Consider the sequence
$$ b_0 = 13, \quad b_1 = -7, \quad b_2 = -13\cdot 2, \quad b_3 = 7\cdot 2^2, \quad b_4 = -13\cdot 2^3, \quad b_5 = 7\cdot 2^4, \dots $$
with pattern
$$ b_{2k} = (-13)\cdot 2^{k}, \quad b_{2k+1} = 7 \cdot 2^k \text{ for } k \ge 0, \text{ and alternating signs as above.} $$
Write $b_n = 2^n d_n$:
$$ d_0 = 13, \quad d_1 = -7, \quad d_2 = -13, \quad d_3 = 7, \quad d_4 = -13, \quad d_5 = 7, \dots $$
Then $d_n \in { \pm 13, \pm 7 }$ and alternate infinitely often in sign.

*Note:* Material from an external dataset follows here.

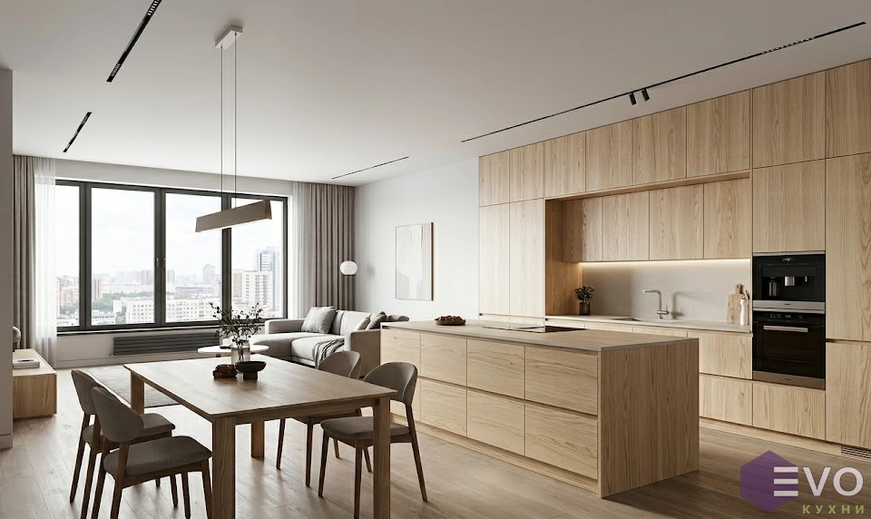 Для ежедневной очистки подходят мягкая салфетка и нейтральные средства без абразива, хлора и агрессивных растворителей. Горячие предметы не стоит ставить вплотную к деревянным элементам, а возле мойки и варочной панели лучше особенно внимательно следить за состоянием кромок, стыков и покрытия. При появлении мелких потертостей фасады из натуральной древесины можно локально обновить, и это одно из их важных преимуществ. Следовательно, при нормальном уходе кухня из ясеня служит долго и сохраняет аккуратный вид.

By part (c), this sequence is a binary basis because infinitely many $+d$ and $-d$ values occur. The powers of $2$ ensure uniqueness of subset sums.
Representation of $n=1$:
We seek integers $\varepsilon_k \in {0,1}$ such that
$$ 1 = \sum_{k=0}^\infty \varepsilon_k b_k. $$
Compute recursively using $n_0 = 1$:
- $b_0 = 13$. $n_0 - \varepsilon_0 b_0 \equiv 0 \pmod 2$. $13 \equiv 1 \pmod 2$, so choose $\varepsilon_0 = 0$. Then $n_1 = n_0/2 = 1/2$ (non-integer).
To get an integer, adjust by choosing $\varepsilon_1 = 1$ for $b_1 = -7$: $n_1 = (1 - (-7))/2 = 4$.